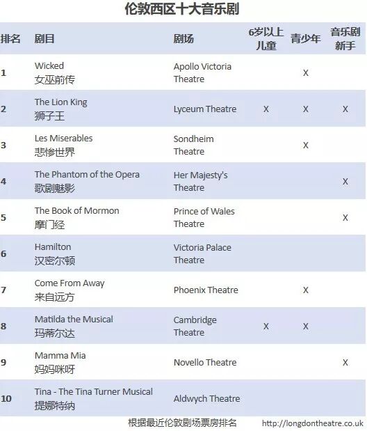 以下是“伦敦剧院”网站列举的西区最热音乐剧供音乐剧选剧新手参考。
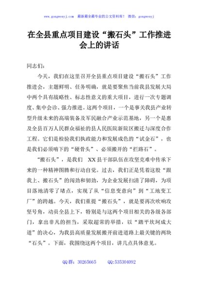 / 在全县重点项目建设“搬石头”工作推进会上的讲话
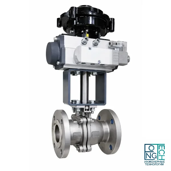 Кран оснащён пневматическим приводом, обеспечивающим быстрое и надёжное открытие/закрытие потока. Привод позволяет интегрировать изделие в автоматизированные системы управления и дистанционного контроля, повышая эффективность и безопасность технологических процессов.
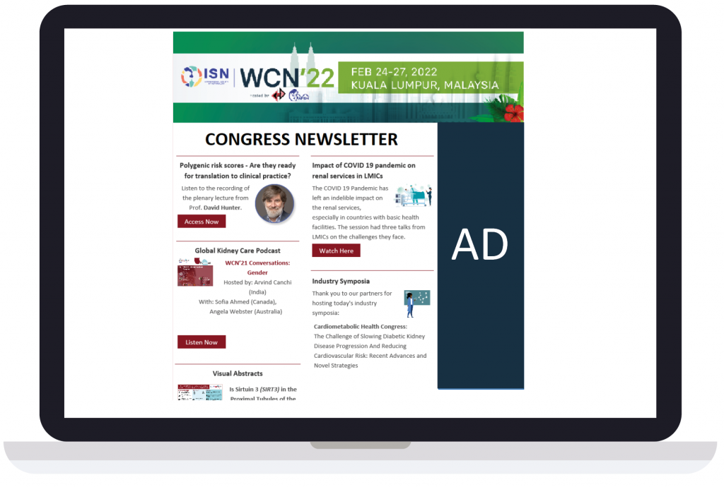 A special series of the popular ISN Global Kidney Care podcast will released for the congress. Organized by the ISN Education Team, they will highlight key events with special guests. Podcasts are published on ISN Academy and various platforms (Apple, Stitcher, Deezer, Spotify). Maximum 3 multi-sponsors.
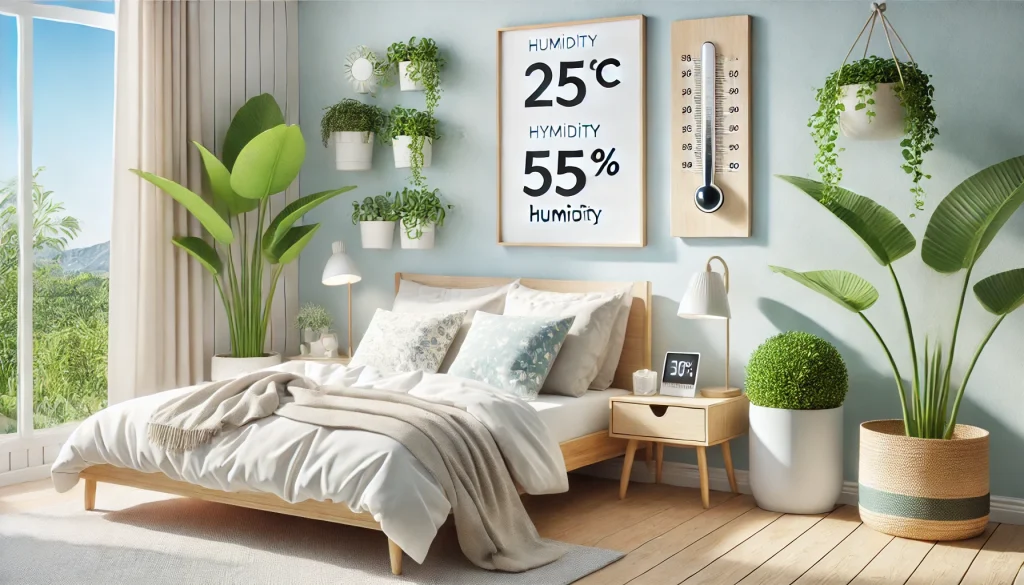 - 寝室の湿度を一定に保つためのアイデア(換気、湿度計の設置、観葉植物の活用)。
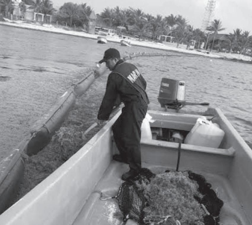 Esto ha derivado a que con sus propios medios y colocando barreras elaboradas de manera artesanal con redes de pesca, traten de evitar que la macroalga se acumule en la playa y genere afectaciones para poder atraer turismo.
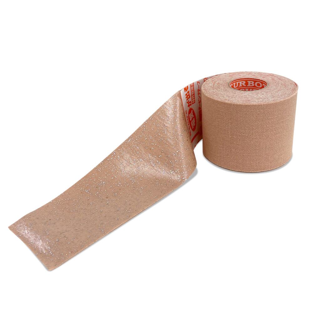 このテープは一定の伸縮性をもち、筋肉に沿って貼ることで筋肉障害の予防・保護に役立ち、さらに電位差をもつ銅(+)とアルミ(-)を粘着面に散布させ人体に貼付することで微弱な電気が生まれ、微弱電流による刺激を与えます。また、銅の殺菌作用により足の臭いなどにも対処できます。
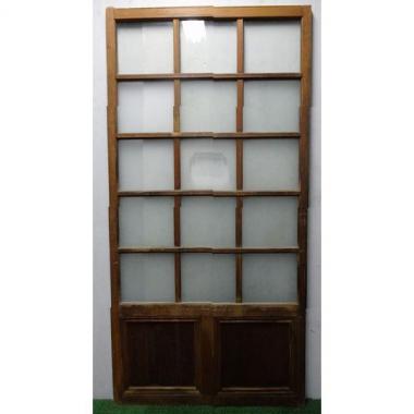 スギ材の腰付格子ガラス戸です。中央部のガラス部分だけ、三枚目の写真のデザインになっています。 .高さ1,743mm幅875mm厚み30mmです。 詳細お問い合わせください。 ※販売価格は、単品での価格で表示しています。
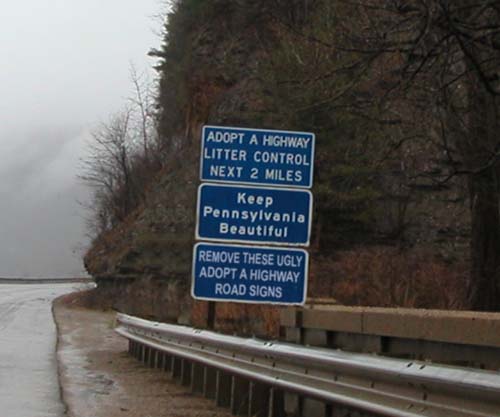 Our country is littered—littered, we say!— with these gawd-awful adopt-a-highway signs. Here's one that we'd pay to see:
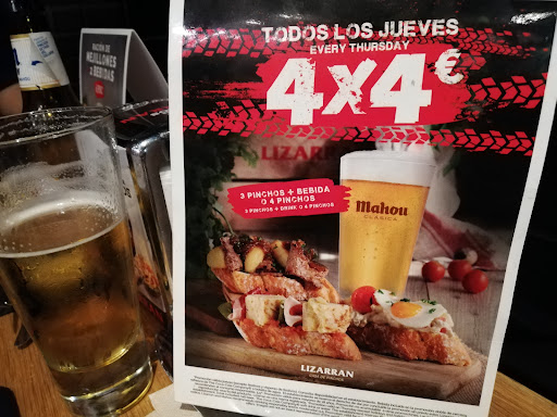Local muy agradable y económico para la zona. El personal es súper atento y educado, tanto en la mañana como en la tarde, de hecho es el mejor activo que tiene el Lizarran de Padre Damián. Pongo solo una estrella porque se nota que falta personal, lo que ya lleva tiempo afectando a la calidad de servicio (mesas, terraza, baños, pintxos calientes...). Supongo que, siendo el local insignia del grupo, en algún momento se cuidará más este tema. Llevo años viniendo a este local y parece que últimamente se han abandonado a la inercia de no tener (aparentemente) competencia en la zona. Quisiera añadir que no parece algo puntual. Ayer volví por la tarde-noche con un grupo de amigos y... sorpresa, NO HAY COCINA! Pedimos una cerveza por tomar algo y porque el chico fue muy amable, pero vamos, parece que esta empresa está a un paso de poner unas maquinas de vendíng...

────────────────────────────────────────

Assigned task>
Skip the pictures and give the entries above again word for word.

Response to the exercise>
 以下是“伦敦剧院”网站列举的西区最热音乐剧供音乐剧选剧新手参考。
 / 在全县重点项目建设“搬石头”工作推进会上的讲话
 Кран оснащён пневматическим приводом, обеспечивающим быстрое и надёжное открытие/закрытие потока. Привод позволяет интегрировать изделие в автоматизированные системы управления и дистанционного контроля, повышая эффективность и безопасность технологических процессов.
 A special series of the popular ISN Global Kidney Care podcast will released for the congress. Organized by the ISN Education Team, they will highlight key events with special guests. Podcasts are published on ISN Academy and various platforms (Apple, Stitcher, Deezer, Spotify). Maximum 3 multi-sponsors.
 - 寝室の湿度を一定に保つためのアイデア(換気、湿度計の設置、観葉植物の活用)。
 Esto ha derivado a que con sus propios medios y colocando barreras elaboradas de manera artesanal con redes de pesca, traten de evitar que la macroalga se acumule en la playa y genere afectaciones para poder atraer turismo.
 このテープは一定の伸縮性をもち、筋肉に沿って貼ることで筋肉障害の予防・保護に役立ち、さらに電位差をもつ銅(+)とアルミ(-)を粘着面に散布させ人体に貼付することで微弱な電気が生まれ、微弱電流による刺激を与えます。また、銅の殺菌作用により足の臭いなどにも対処できます。
 スギ材の腰付格子ガラス戸です。中央部のガラス部分だけ、三枚目の写真のデザインになっています。 .高さ1,743mm幅875mm厚み30mmです。 詳細お問い合わせください。 ※販売価格は、単品での価格で表示しています。
 Our country is littered—littered, we say!— with these gawd-awful adopt-a-highway signs. Here's one that we'd pay to see:
Local muy agradable y económico para la zona. El personal es súper atento y educado, tanto en la mañana como en la tarde, de hecho es el mejor activo que tiene el Lizarran de Padre Damián. Pongo solo una estrella porque se nota que falta personal, lo que ya lleva tiempo afectando a la calidad de servicio (mesas, terraza, baños, pintxos calientes...). Supongo que, siendo el local insignia del grupo, en algún momento se cuidará más este tema. Llevo años viniendo a este local y parece que últimamente se han abandonado a la inercia de no tener (aparentemente) competencia en la zona. Quisiera añadir que no parece algo puntual. Ayer volví por la tarde-noche con un grupo de amigos y... sorpresa, NO HAY COCINA! Pedimos una cerveza por tomar algo y porque el chico fue muy amable, pero vamos, parece que esta empresa está a un paso de poner unas maquinas de vendíng...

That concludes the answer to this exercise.